Overheard in the Wolfe House #274

Peggy (meeting Sam at the baggage claim, at 1:21 a.m.): You have a new carry-on bag?

Sam: Yes.

Peggy (as she and Sam get in the pick-up, about 15 minutes later): Did someone give you that bag?

Sam: Yes. Aunt Teresa.

Sam (at home, about 45 minutes later): I need to put the bag in the refrigerator.

Peggy: Really? Why?

Sam: It’s full of cookie dough.

 

Overheard in the Wolfe House #272

Sam (frequent client of a variety of community services, as he opens an envelope): I’m tired of surveys now.

 

Bonus Overheards: Stuff my Family Says

 

Sister 2 (reading road sign on the Overseas Highway)

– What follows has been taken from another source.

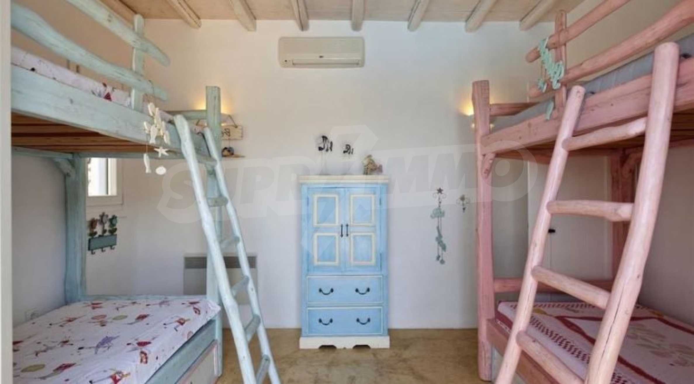 We offer you this villa with a total area of 300 m2. The property has air-conditioners and electric heating appliances (fan heater, radiators, etc.). An inverter air-conditioner - also available. Armored front door, dobile glazing, painted walls, solid walls, tiled flooring and wooden window frames are available in the property. The property is connected to electricity and water. Some of the other available facilities that you will certainly consider important include: a bathroom, a bathroom with toilet, a veranda, a swimming pool, internet, a secure entry system, a telephone line and a wi-fi. From the inside you will be able to enjoy wonderful bay views, beach views, hills views, swimming pool views and views to inner garden.

Sister 4: You feel sticky?

Sister 2: No. Fiesta Key.

 

Sister 3: We get name tags?

Sister 1: No, a hang tag.

 

Sister 4: My colleague’s wife is a pulmonologist.

Nephew 2: Is that some kind of religion?

 

Overheard in the Wolfe House #268

Sam: Sharon Wilson sent me an invitation to a porch party. I want to go.

Peggy: You bet.

Sam: So what is that about?

Peggy: Some people in Denton are trying to have an election to make Denton frack free.

Sam: If Denton is frack free, I want to move there.

Sam’s TV Guide

A dear friend visited us last weekend and remarked at one point about how we don’t watch television. That’s not quite true. It is true that we’ve never had cable and now, with all the online availability, we probably never will. When we watch television, it’s deliberate: it’s on for a particular show and then we turn it off when it’s done.

I like to watch the 10 p.m. news and the first part of The Late Show with David Letterman in the evening, and I always holler out when Dave’s ready to read the Top 10 list because Sam enjoys them so much.

Here’s Sam’s T.V. Guide:

  • Dancing with the Stars, but after the first few eliminations (“They aren’t that good in the beginning,” Sam says)
  • America’s Funniest Home Videos
  • Wheel of Fortune
  • Saturday Night Live: the opening sketch and Weekend Update
  • The weather, especially Ch. 5 Rameisha Shade
  • Dave Letterman reading the Top Ten List

I’m not sure what this says, but it says something.